QTLtools-cis(1)

cis QTL analysis

Section 1 qtltools bookworm source

Description

QTLtools-cis

NAME

QTLtools cis - cis QTL analysis

SYNOPSIS

QTLtools cis --vcf [in.vcf|in.vcf.gz|in.bcf|in.bed.gz] --bed quantifications.bed.gz [--nominal float | --permute integer | --mapping in.txt] --out output.txt [OPTIONS]

DESCRIPTION

This mode maps cis (proximal) quantitative trait loci (QTLs) that affect the phenotype, using linear regression. The method is detailed in <https://www.nature.com/articles/ncomms15452>. We first regress out the provided covariates from the phenotype data, followed by running the linear regression between the phenotype residuals and the genotype. If --normal and --cov are provided at the same time, then the residuals after the covariate correction are rank normal transformed. It incorporates an efficient permutation scheme to control for differential multiple testing burden of each phenotype.
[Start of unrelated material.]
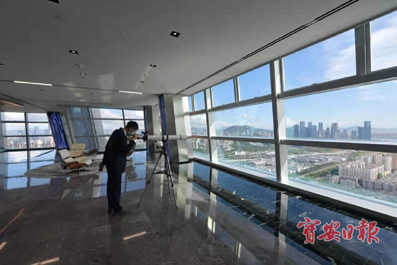 仪式后,现场嘉宾来到恒明珠国际金融中心60楼的云端展示厅参观,踏出电梯厅360度全景观无遮挡的视野让人心旷神,展示厅西南向是前海与宝安中心区组成的湾区景象,东南向远眺深圳湾、南山科技园,东北向目触羊台山森林公园、西丽水库,西北向有铁仔山、平峦山公园与城市景色交相呼应。嘉宾纷纷驻足,拿出手机记录下壮美景观。

You can run a nominal pass (--nominal threshold) listing all genotype-phenotype associations below a certain threshold, a permutation pass (--permute no_of_permutations) to empirically characterize the null distribution of associations for each phenotype separately, thus adjusting the nominal p-value of the best association for a phenotype, or a conditional analysis pass (--mapping filename) to discover multiple proximal QTLs with independent effects on a phenotype.

As multiple molecular phenotypes can belong to higher order biological entities, e.g. exons of genes, QTLtools cis allows grouping of phenotypes to maximize the discoveries in such particular cases. Specifically, QTLtools can either aggregate multiple phenotypes in a given group into a single phenotype via PCA (--grp-pca1) or by taking their mean (--grp-mean), or directly use all individual phenotypes in an extended permutation scheme that accounts for their number and correlation structure (--grp-best). In our experience, --grp-best outperforms the other options for expression QTLs (eQTLs).

The conditional analysis pass first uses permutations to derive a nominal p-value threshold per phenotype that varies and reflects the number of independent tests per cis-window. Then, it uses a forward-backward stepwise regression to learn the number of independent signals per phenotype, determine the best candidate variant per signal and assign all significant hits to the independent signal they relate to.

Since linear regressions assumes normally distributed data, we highly recommend using the --normal option to rank normal transform the phenotype quantifications in order to avoid false positive associations due to outliers.

OPTIONS

--vcf [in.vcf|in.bcf|in.vcf.gz|in.bed.gz]

Genotypes in VCF/BCF format, or another molecular phenotype in BED format. If there is a DS field in the genotype FORMAT of a variant (dosage of the genotype calculated from genotype probabilities, e.g. after imputation), then this is used as the genotype. If there is only the GT field in the genotype FORMAT then this is used and it is converted to a dosage. REQUIRED.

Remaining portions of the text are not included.